Me: How would you solve that problem?

Friend Ah, I remember reading properties that talked about saving sub-problems to make computations more efficient.

Me: Which sub-problems are there?

Friend: It’s too hard.

Me: We will not work together.

**What would you do if it were your normal way of solving it?**

You will probably be looking at all the cells and adding up the cost as you travel to your destination. You don’t know if the minimum cost is sufficient so you add more by going in another direction. After considering all possible routes, you might find the most affordable cost.

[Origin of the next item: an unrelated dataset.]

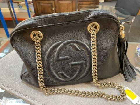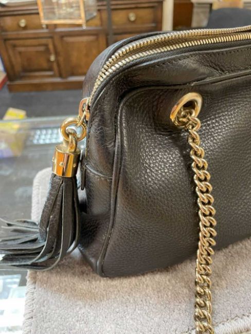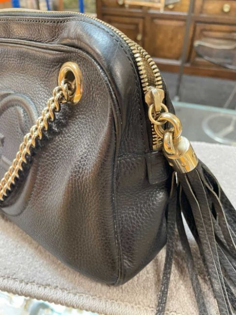 GUCCI SOHO DOUBLE CHAIN LEATHER HANDBAG, plain black, leather tassel, gold hardware, with tag and serial number 308983 520981Provenance: private collection CardiffComments: interior with signs of use but very good overall, inspection advised

Friend: However, the above solution only works for one destination. What if we need to calculate the total cost of reaching another destination?

Me: Excellent!

Friend We store the minimum cost to reach each cell in an array starting from the first cell. So when all cells are filled, we’ll have the solutions for every cell.

Friend: I didn’t quite follow you there.

Me: Let me finish.

**What have we known till now?**

There is an array that allows us to move left, right, diagonally lower and down.

Print the lowest cost route to reach the destination.

We start in the first cell.

Let’s cut down the problem now.

Me: How much does it cost to move from [0.0] to [0.1]?

Friend: It’s 2 plus 1, and you get 3.

Me: How much does it cost to move from [0.0] to [0.1]?

Friend: Still 3, because we cannot move left, right, or diagonally lower. We can only get [0-1] from [0-0].

Me: Excellent! What is the minimum cost to move from [0-1] to [0-2]?

Friend: Ah, but the cost to move from [0.0] to to [0.1] to 3. [0.1] to to [0.2] would cost 3 + the cost to get to (0.2) which is 3 + 3. = 6.

Me: Can we now store the cost of each cell in a separate array so we can return them when the cell is at its destination?

Friend: Good point.

**Look at the table below**

Let’s code it up here now. (n is the row number)

minarr[0][0] = a[0][0];

for(i=1;i<n;i++)

minarr[0][i] = minarr[0][i-1] + a[0][i];

We will transfer the first element, as it is, to the min-cost table. Then we will calculate the cost for the other elements in the row.

Friend: Why not use the columns? The first column’s cells can only be reached by going down from the first.

Me: Yes, that’s our next move.

Similar to the above, we add the cells with the previous ones in each column to calculate the cost of reaching them.

Here, let’s code it up as well. (m is column numbers)

for(i=1;i<m;i++)

minarr[i][0] = minarr[i-1][0] + a[i][0];

Friend: How do we determine the minimum cost of reaching the cell [1,1]?

Me: We already know that we can only move left, down, or diagonally lower than a cell. We can only reach cell [1,1] from cell [0.0] or [0.1] or[1,0]. Now that we have the minimum values for reaching [0,0],[0,1], or [1,0], our result is simply the sum of these three values and the cost to reach cell [1,1].

Then the cost to reach cell [1,1] = a[1,1] + min(minarr[0,0], minarr[0,1], minarr[1,0])

minarr[1,1] = 8 + min(1,3,5)

So, minarr[1,1] = 9

Again, for all cells beginning with [1,1].

Also, we will code it up like before,

for(i=1;i<n;i++)

for(j=1;j<m;j++)

minarr[i][j] = (a[i][j] + min(minarr[i-1][j-1],minarr[i][j-1],minarr[i-1][j]));

**Conclusion**

Once we fill up our table, we can simply return the cell corresponding to the destination at the lowest cost array. Thus, we have now built our solution by looking at each element one-by-one. In dynamic programming, we call it the tabulation method. And this method is a bottom-up approach. Also, memoization is another way to do it. That will be our next topic.